I am not my pain

I am not a gymnast. I am not a ballerina. Calisthenics? No. Martial arts? Nup! Growing up, I never did the sort of activities which helped children to gain amazing balance, flexibility or strength in their body. I tried ballet once (for about 8 weeks), when I was about 6, but the teacher told me I was fat and too old to start. You can imagine I left pretty quickly after that! (Hello life long self-esteem issues!). At school the Tri Skool came a couple of times over the years, letting us play on some temporary gymnastics equipment, but this was usually just for a lunch time. That was the extend of my gymnastics training!

Long story short - I played all the usual sports like netball, softball and basketball. I did sprint and cross country running at one point and even tried my hand at tennis (total fail here).  I was also a horse rider, which certainly didn’t help in the flexibility arena. Scoliosis also meant chronic pain in my lower back and limited flexibility in my spine… or so i thought.

You see - for much of my life I have defined myself by my past experiences.

I never did ballet or gymnastics so I can never do the splits.. or

I have a bad back so I will never be able to do a backbend..

On and on it went. I was my own worst enemy when it came to trying new things, or believing (which is more accurate) that I could try new things. I was extremely good at pigeonholing myself, labelling myself - making sure I did nothing outside of that label.

Turns out - these labels are not only extraordinarily unhelpful, but they are damaging too. Turns out, just like ballerinas and gymnasts learn early on, I too have the potential to move my body in amazing ways. Whilst this is a much slower progression as I’m about to hit 30 and my body is not as supple as a child or teen, turns out there is possibility to train my body to reach these new, seemingly impossible heights.

I never needed to be defined by my perceived weaknesses, because they are only that - perceived. It’s taken a little while, but I’ve come to understand (through experience) that I am the creator of my own reality. Should I want to be weak, then I can make it so. Should I want to be strong and flexible, then this too can be achieved.

At a time in my life when I felt like everything was falling apart, I traveled to India where I met a man, Guruji, who saw potential in me. Correction - he sees potential in all. One day, I went to this wise man privately, in tears, to speak about my back pain. How I felt so limited by it. He said something to me that day that I have never forgotten and that I will hold close for the rest of my life.

I am not my pain. My pain will only exist if I allow it to be so. Should I choose to be strong, then I will be strong. But if I choose weakness, then this is all I will ever know. Physically, mentally…. It will touch every aspect of my life.

An interesting thing happened after that conversation - not only did I begin telling myself positive messages about my back, about who I am in the world - but I began to notice changes. My body felt stronger, my mind calmer. I felt at ease with my body and mind, more confident.

This is not to say the back pain has disappeared. Absolutely not. It’s still there. But I am not defined by it and it does not haunt me the way it once did, for so much of my life. The pain fluctuates; but rather than give into it, I challenge it. I give it the most minimal attention.

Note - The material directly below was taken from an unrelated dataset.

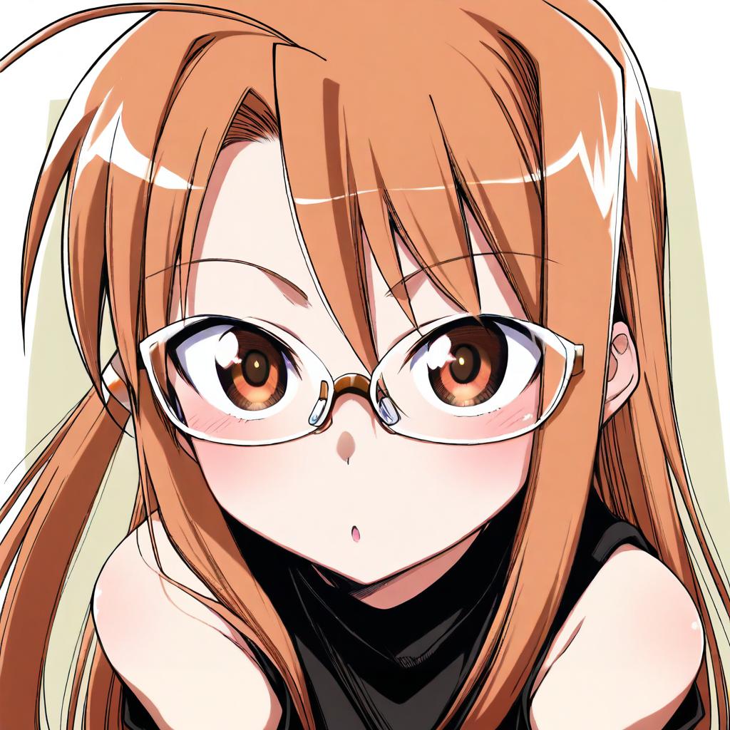 Hasegawa chisame, mahou sensei negima!, 1girl, brown eyes, glasses, long hair, brown hair, ahoge, by artist hanya (hanya yashiki), animagine

So today I finally did Pincha Mayurasana on my own. The most difficult part of this asana, this posture, has been the bend in my spine. I’ve fallen more times than I can count and the pain in my back was intense at times. But finally, with a little self belief and determination, here I am. Every day my spine is becoming stronger and more flexible - because I believe it can be so.

 
 
 
 

This asana has been possible only because of three key things:

  1. Having the courage to face fears

  2. Finding the will to keep trying

  3. Being inspired by a man who could see beyond the surface. At the time, he could see what I couldn’t, and I will be forever grateful for his belief in me.

As a final note - we do not need to be our pain. We do not need to let it hold us back. If we do, then we lose the possibility of achieving amazing things in this lifetime. Ask yourself - “Why do you keep yourself small? Why do you play the safe card? What’s the payoff for this?” Whilst these questions are confronting, they could be key to unlocking parts of yourself you never realised existed.